Instructions to follow
Transcribe the data in full and exactly, omitting any pictures.

Data
★ ★ ★ ★ ★

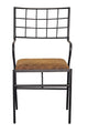 Silla estilo vintage fabricada en acero envejecido color negro-oxido y asiento y respaldo tapizados en cuero color marrón.
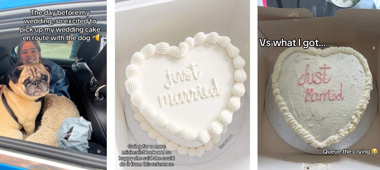 A noiva decepcionada, Georgia Walker, recorreu ao TikTok para compartilhar a situação em uma sequência de fotos. Na primeira, ela aparece feliz indo buscar o bolo de casamento. Na imagem seguinte está a referência: um bolo inteiramente branco com poucos detalhes e a frase “Just Married” (“recém-casados”, em português). A terceira imagem mostra o bolo que a noiva recebeu: com cobertura desigual e as letras em rosa.
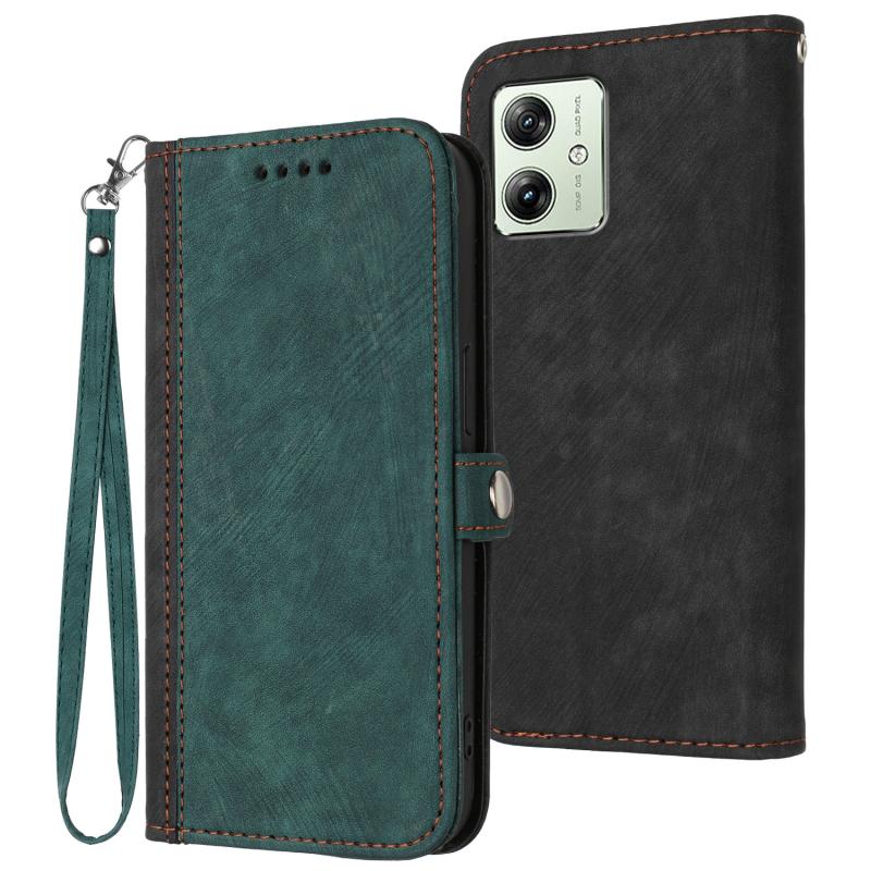 For Motorola Moto G54 Global Side Buckle Double Fold Hand Strap Leather Phone Case(Dark Green)

★ ★ ★ ★ ★

Response to this exercise
 Silla estilo vintage fabricada en acero envejecido color negro-oxido y asiento y respaldo tapizados en cuero color marrón.
 A noiva decepcionada, Georgia Walker, recorreu ao TikTok para compartilhar a situação em uma sequência de fotos. Na primeira, ela aparece feliz indo buscar o bolo de casamento. Na imagem seguinte está a referência: um bolo inteiramente branco com poucos detalhes e a frase “Just Married” (“recém-casados”, em português). A terceira imagem mostra o bolo que a noiva recebeu: com cobertura desigual e as letras em rosa.
 For Motorola Moto G54 Global Side Buckle Double Fold Hand Strap Leather Phone Case(Dark Green)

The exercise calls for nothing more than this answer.